This article first appeared in the St. Louis Beacon, May 17, 2013 - Among the first education stories published by the Beacon when it began back in 2008 was a four-part series by staff writer Robert Joiner on the KIPP charter schools.
Even before KIPP Inspire began accepting students in the fall of 2009 in south St. Louis, Joiner wrote about Trina Clark James, who pushed to have the innovative school establish a site here, and about KIPP Endeavor Academy in Kansas City.
A quote from one of the students there, 10-year-old Tyler Eddington, is eerily similar to what students at KIPP Inspire told me when I asked how classes there were different from those at the school he used to attend.
"At my old school, there was lots of trouble, lots of fistfights, lots of people getting suspended,” Tyler said five years ago. “But people don’t do that here. That’s good because it helps me concentrate more on my studies.”
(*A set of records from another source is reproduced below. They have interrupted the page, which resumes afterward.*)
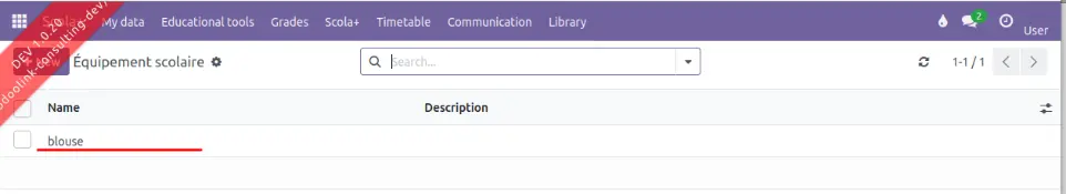 6. Si les informations de votre équipement ou fourniture scolaire s'affichent, vous aurez créé votre
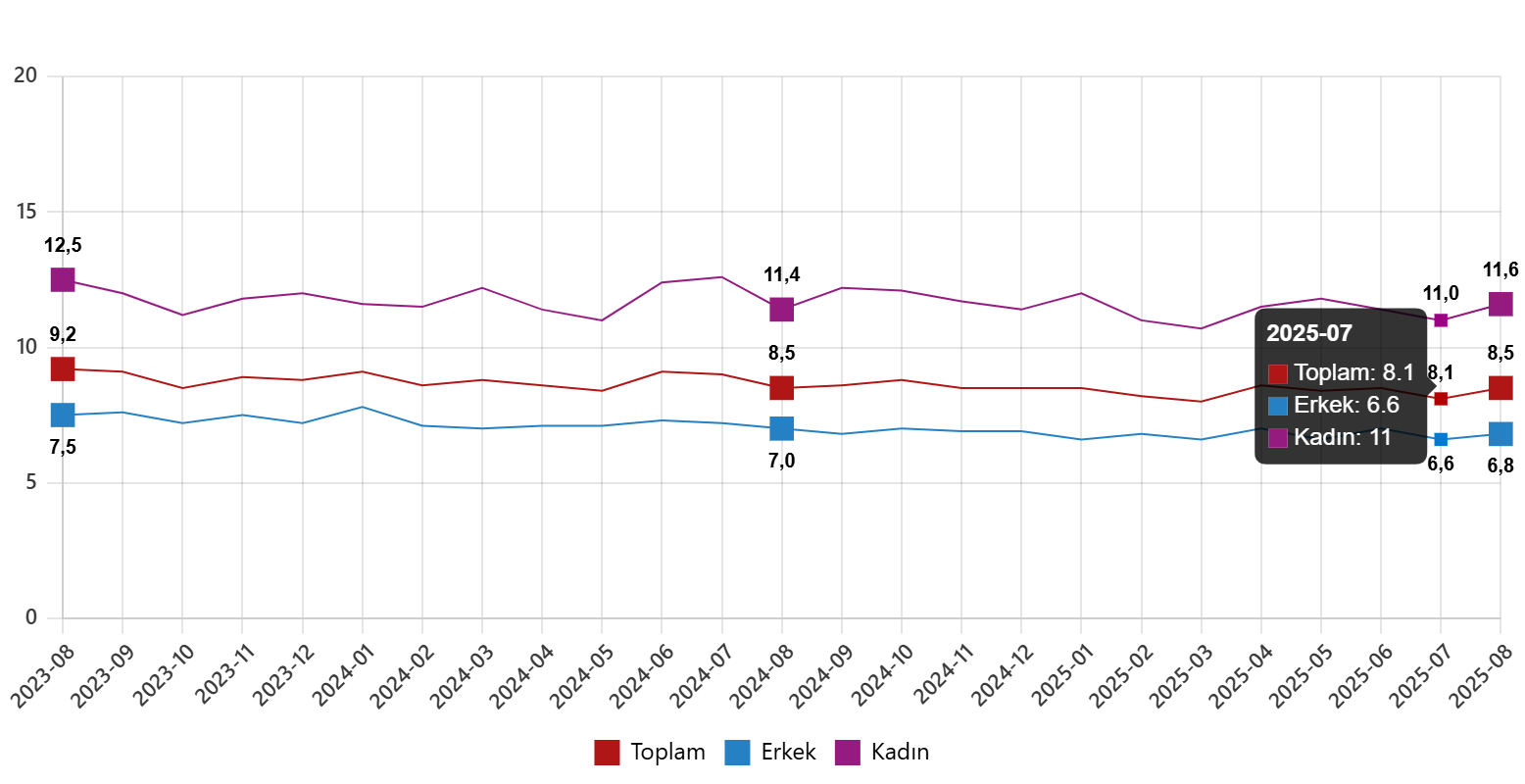 Hanehalkı İşgücü Araştırması sonuçlarına göre; 15 ve daha yukarı yaştaki kişilerde işsiz sayısı 2025 yılı Ağustos ayında bir önceki aya göre 168 bin kişi artarak 3 milyon 44 bin kişi oldu. İşsizlik oranı ise 0,4 puan artarak %8,5 seviyesinde gerçekleşti. İşsizlik oranı erkeklerde %6,8 iken kadınlarda %11,6 olarak tahmin edildi.
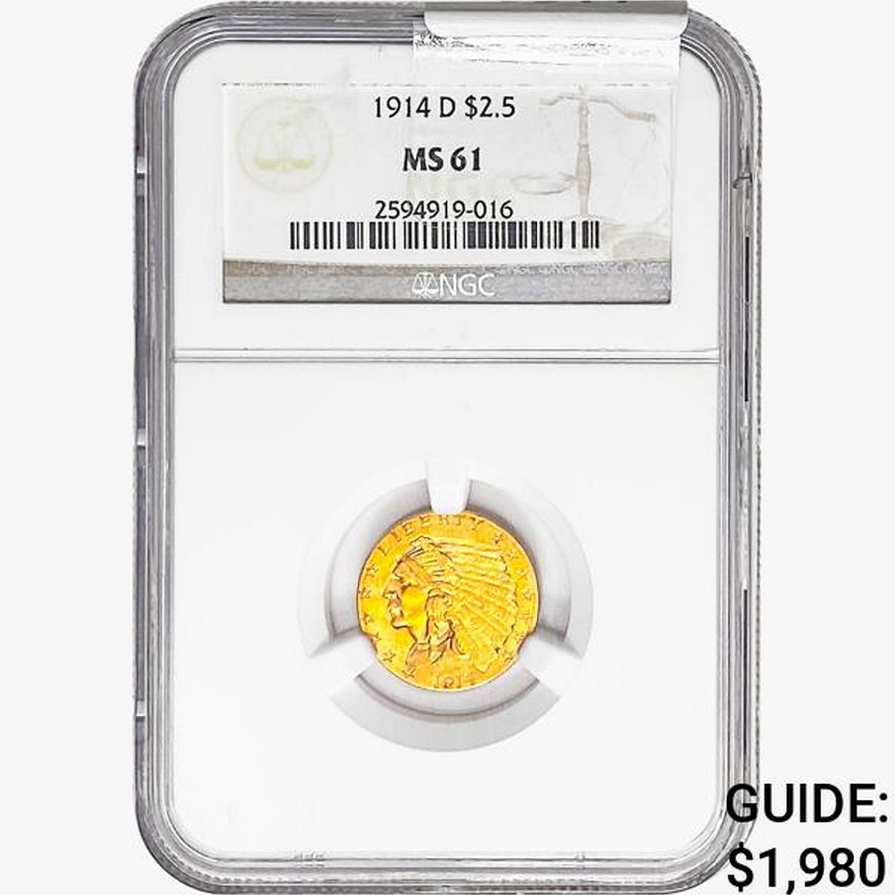 1914-D $2.50 Gold Quarter Eagle NGC MS61
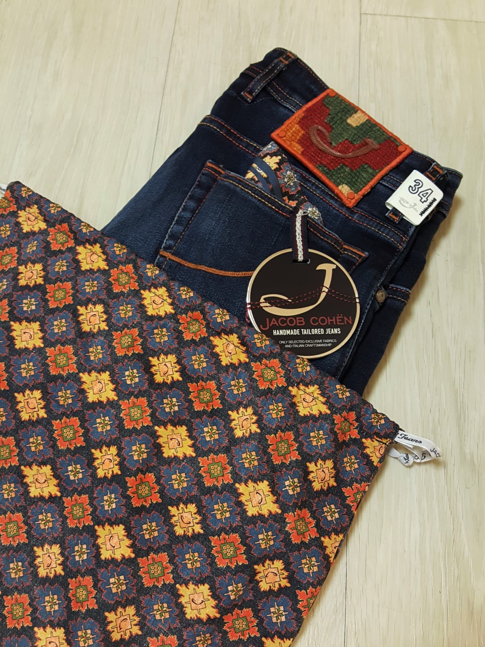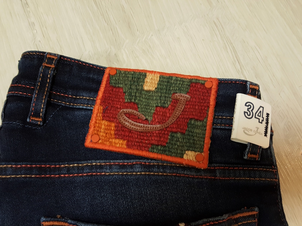 Сзади на правом бедре джинсы имеют ОТСТЁГИВАЮЩИЙСЯ (рекомендуется снимать перед стиркой) фирменный ярлык из ткани "КILIМ" с логотипом марки Jасоb Соhёn, выполненным из кожи, что указывает на принадлежность к "лимитированной" линейке марки!!!
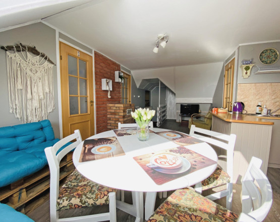 Parter: duży salon z częścią jadalną, kuchnia do dyspozycji gości, kącik TV; wyjście na zadaszony taras.
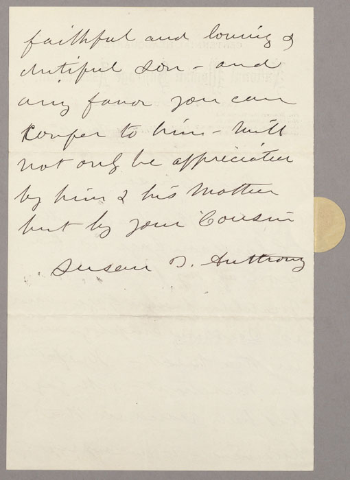 A letter from Susan B. Anthony to her cousin, Charles Boyles. Susan requests that Charles help Clarkson Gage, the son of her friend and fellow women’s rights activist Matilda Joslyn Gage, to find employment in the West.
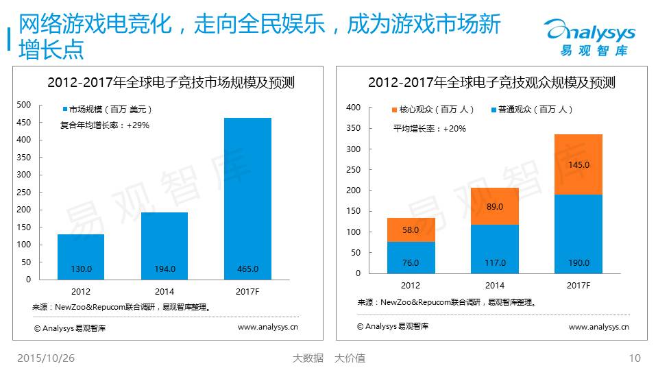 值得关注的是,网游电竞化正在成为游戏市场新的增长点,预计到2017年,全球电子竞技市场规模将增至465百万美元(约2953万人民币)。

The Beacon has kept track of KIPP Inspire as its initial class of fifth-graders moved up and the school added a grade each year. At the end of its first year, members of the Fisher family, who founded the Gap and have been major supporters of KIPP, came to town to see how things were progressing.
So when it was time for the first class to be promoted out of KIPP and on to various high schools in the area, checking with the original students one more time was the natural thing to do.
Too often, journalism reports on what a school or a business or a government program plans to do, but no one follows up to see how things worked out. As you will see by our story, so far things seem to have worked out just fine.